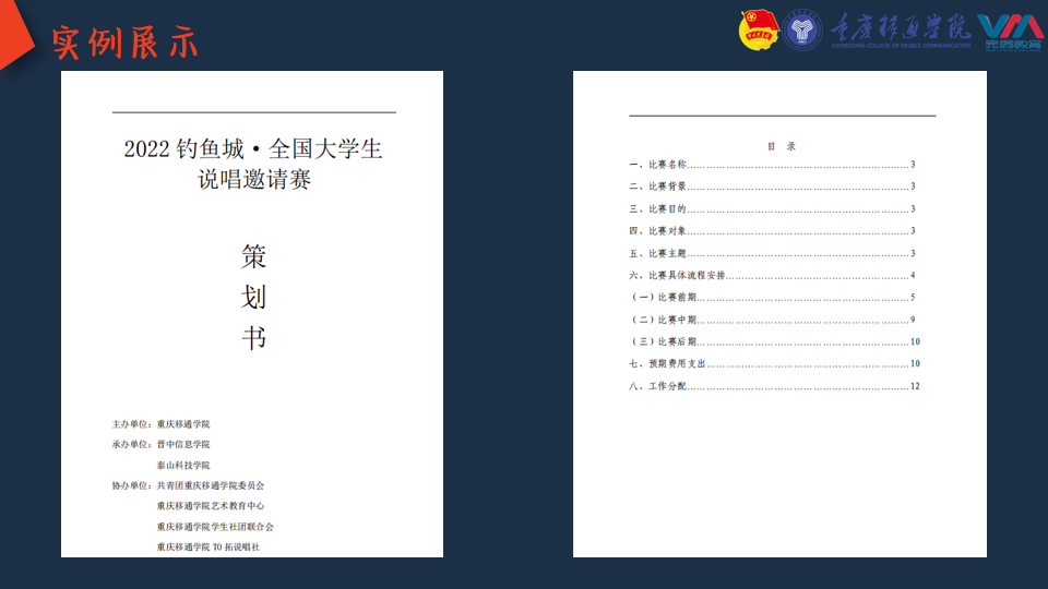 最后一个板块就是实例展示,在社团做过的活动中,杨老师选择了一份已经成熟了的策划案,给同学们做案例分析,同学们充满了学习的兴趣,这份说唱邀请赛的策划书涉及了活动所会经历的所有流程,它生动又直观的给同学们做了展示以及还有一些成功举办的活动的现场图也让同学们知道一份成熟的策划就会是一个活动成功举办的基础。
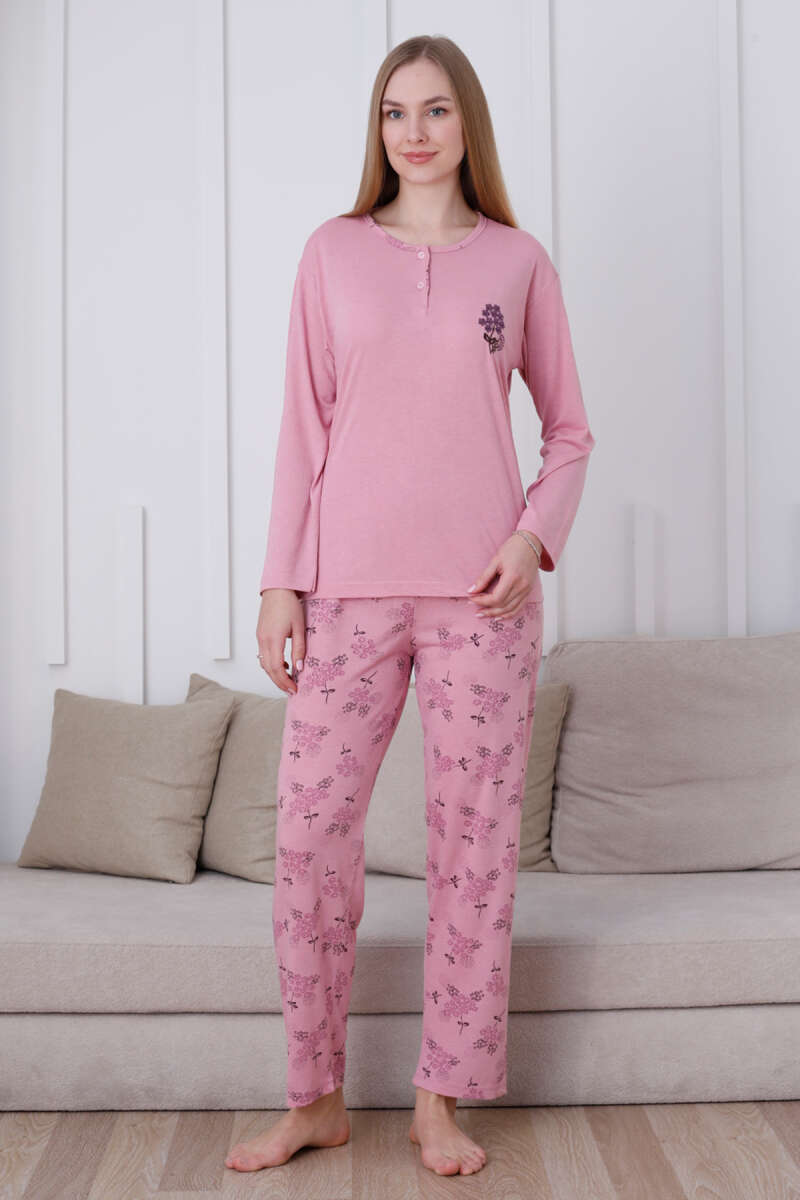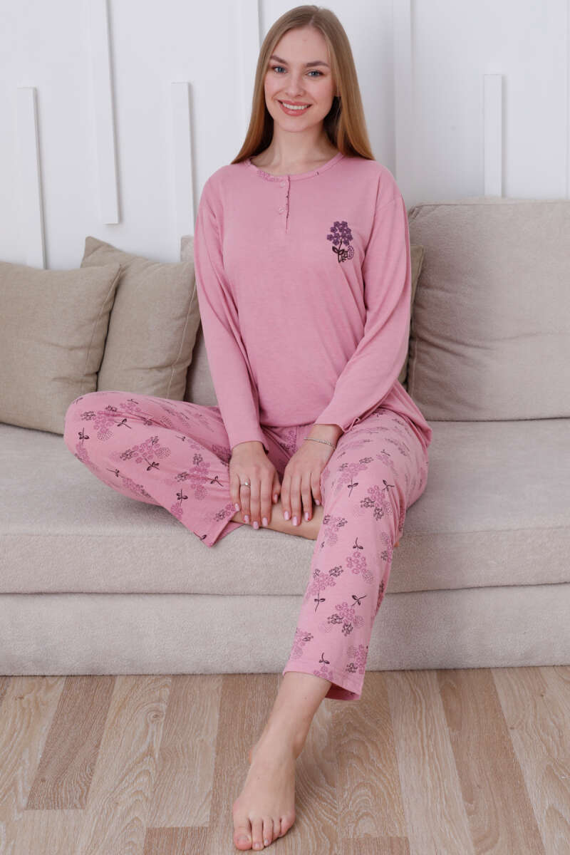 Çiçek Demetli Düğmeli Uzun Kol Pijama Takım Gül Kurusu
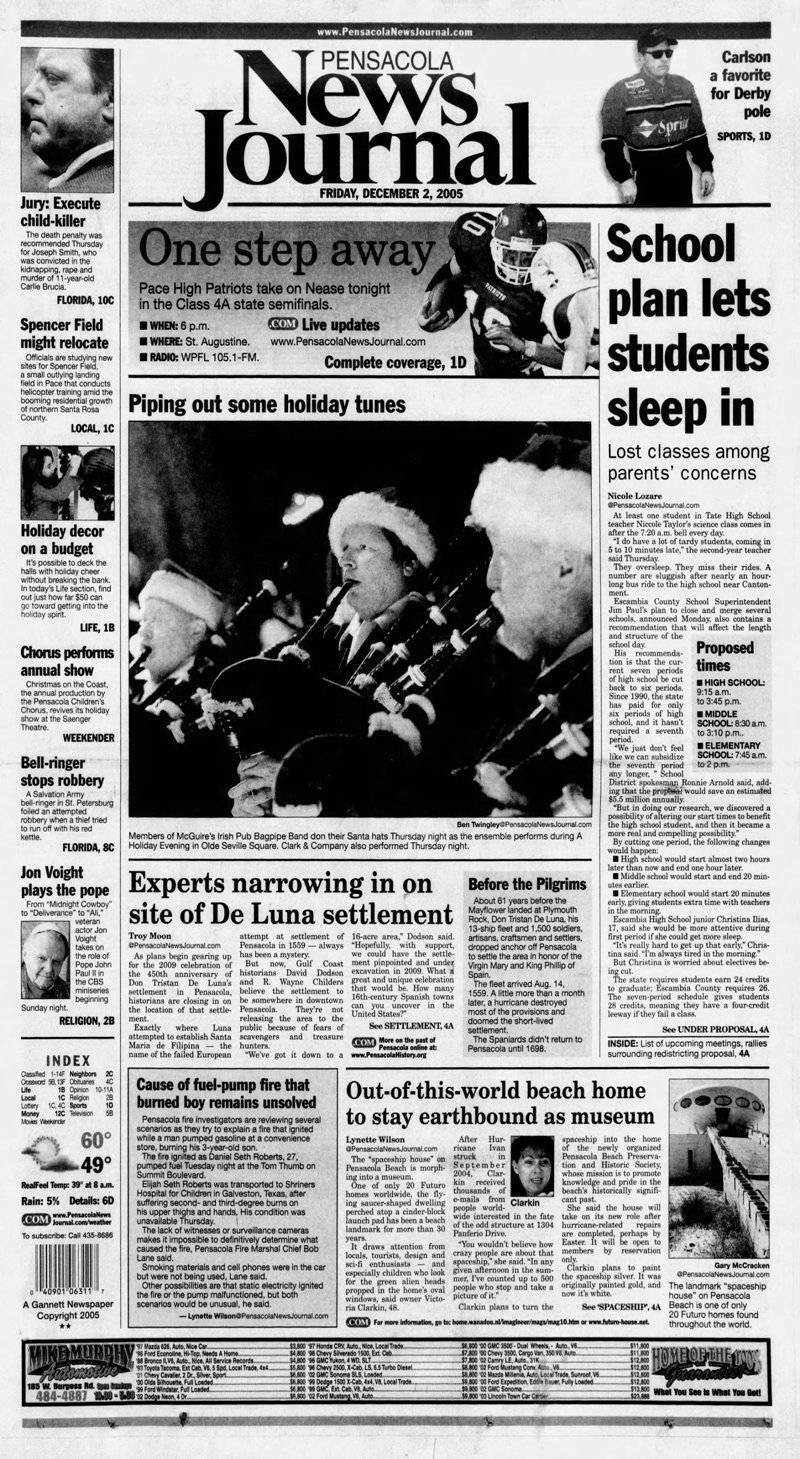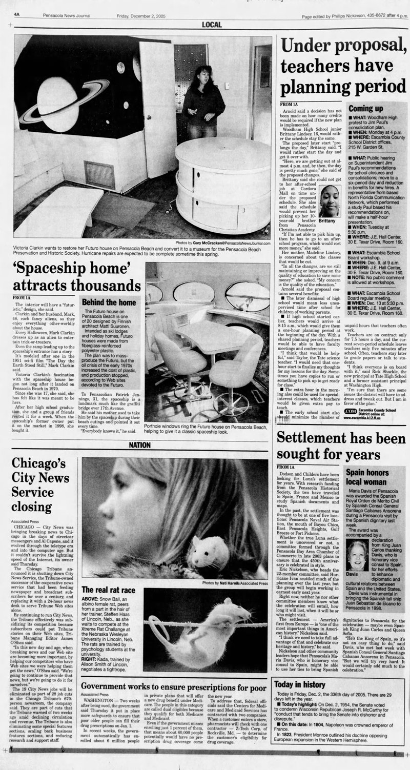 Florida based daily morning newspaper the Pensacola News Journal traces its heritage back to 1889 according to Wikipedia. The 120205 issue includes an article on this Futuro and its owner Victoria Clarkin.
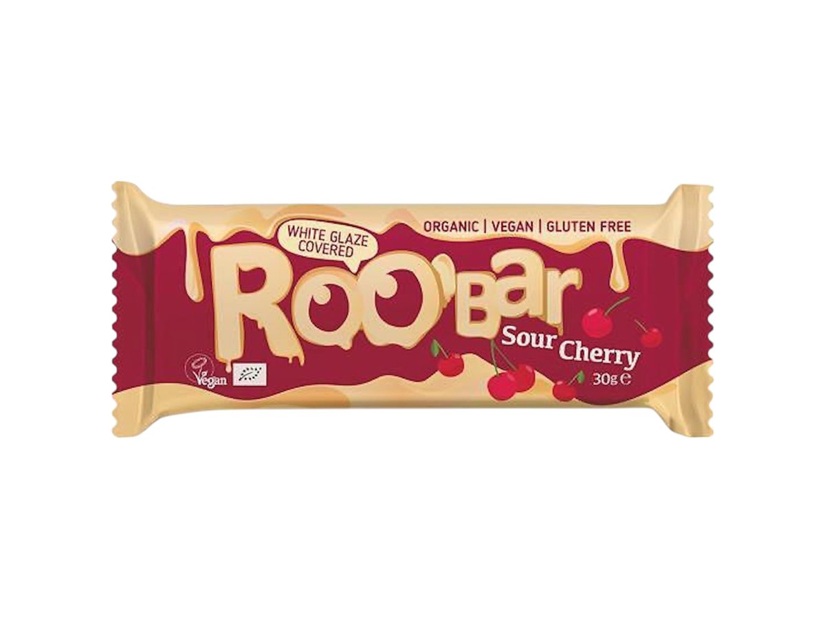 Roobar бар с вишни, покрит с бял шоколад 30g
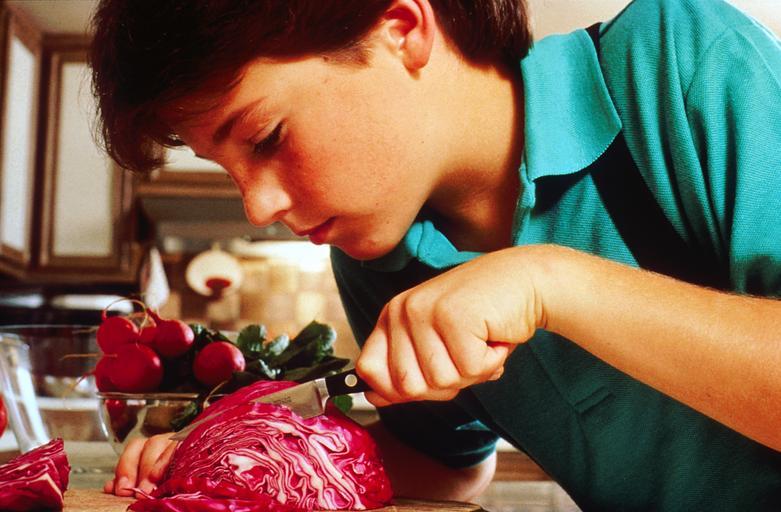 Keywords: Young boy slicing cabbage.jpg A Caucasian boy cuts into a purple cabbage on a cutting board with a bowl of radishes in the background Topics/Categories Food and Drink People -- Child Type Color Photo Source National Cancer Institute Bill Branson Photographer 2472 1989-03 Reuse Restrictions None - This image is in the public domain and can be freely reused Please credit the source and/or author listed above Bill Branson Photographer PD-USGov-HHS-NIH Media from National Cancer Institute Visuals Online Images uploaded by Fæ Red cabbage-based food Cutting of vegetables Radish-based food |
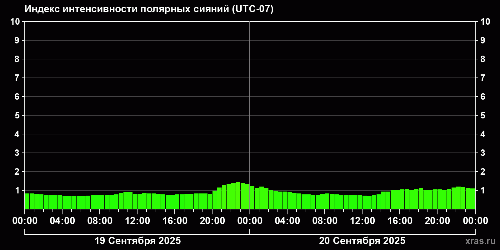 Изменения индекса интенсивности полярных сияний с 2025-09-19 по 2025-09-20 по местному времени
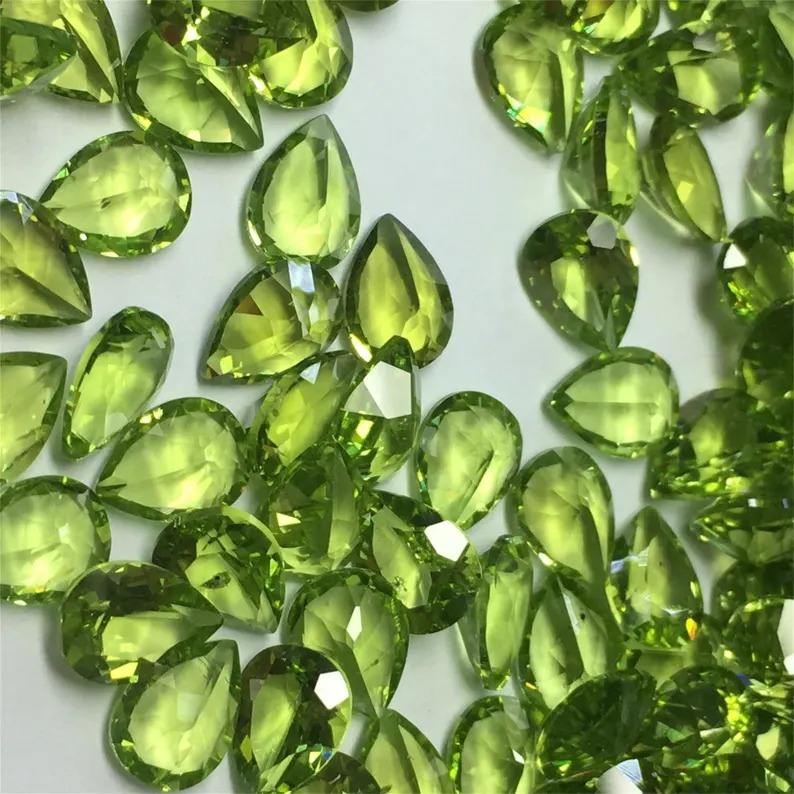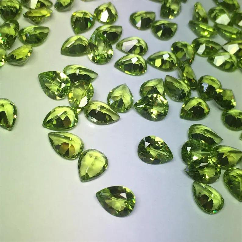 เพอริดอทดิบทรงลูกแพร์ สีเขียวมะกอก ขนาด 7x5 มม. น้ำหนัก 0.9-1.25 กะรัต รับรองโดยบุคคลที่สาม ผ่านกระบวนการเคลือบแว็กซ์/น้ำมัน เรืองแสงในที่มืด
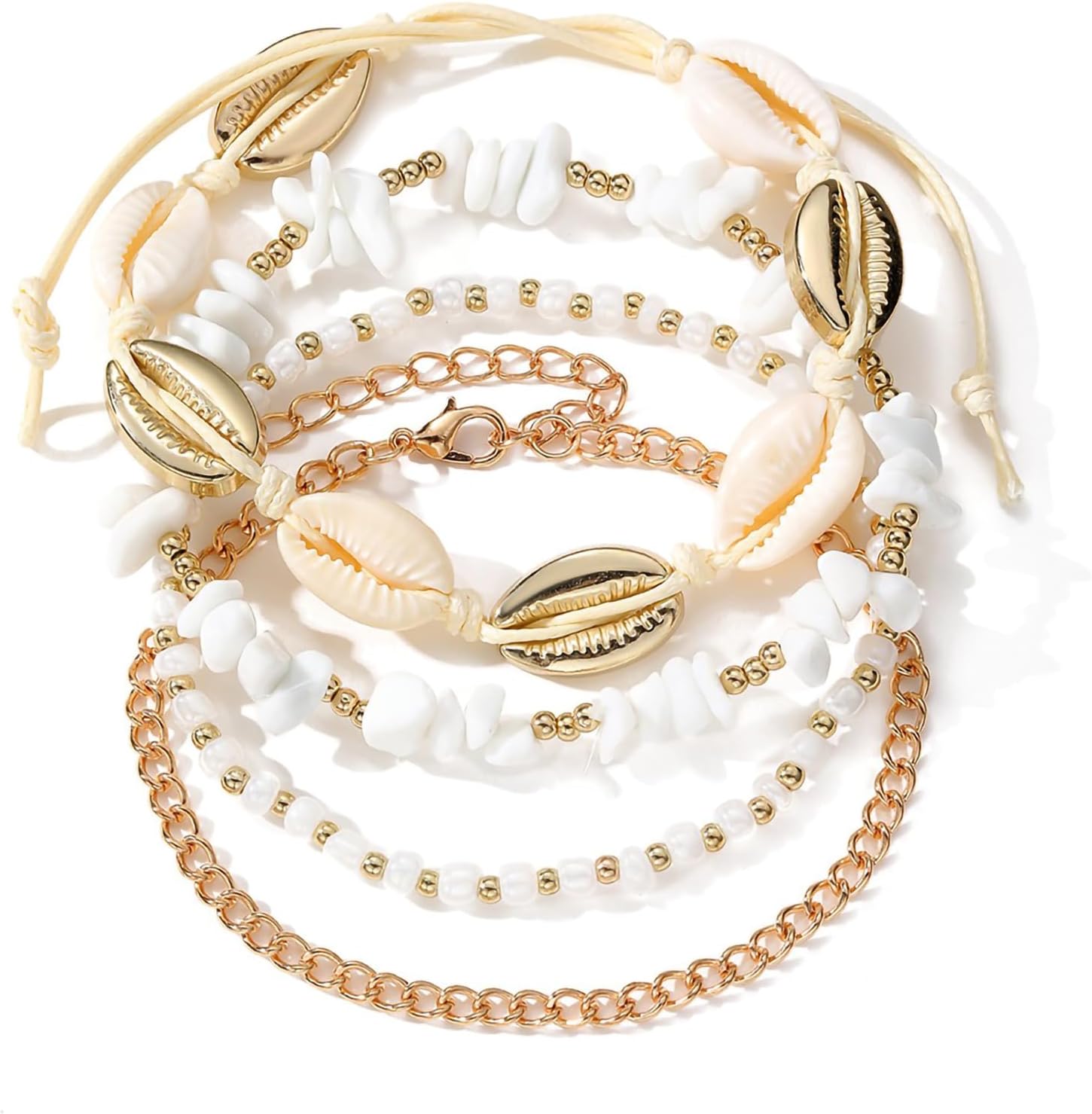 Shell Ankle Bracelet Set for Women, Gold Boho Bead Adjustable Anklet, Hawaiian Beach Seashell Pearl Heart Starfish Conch Foot Jewelry Gifts

+ + + + +

Your instructions: In the listing above, find the line containing "Изменения индекса интенсивности". Output it and every line after it up to and including the line containing "เพอริดอทดิบทรงลูกแพร์ สีเขียวมะกอก ขนาด", exactly, but skip the pictures.

Task solution:
 Изменения индекса интенсивности полярных сияний с 2025-09-19 по 2025-09-20 по местному времени
 เพอริดอทดิบทรงลูกแพร์ สีเขียวมะกอก ขนาด 7x5 มม. น้ำหนัก 0.9-1.25 กะรัต รับรองโดยบุคคลที่สาม ผ่านกระบวนการเคลือบแว็กซ์/น้ำมัน เรืองแสงในที่มืด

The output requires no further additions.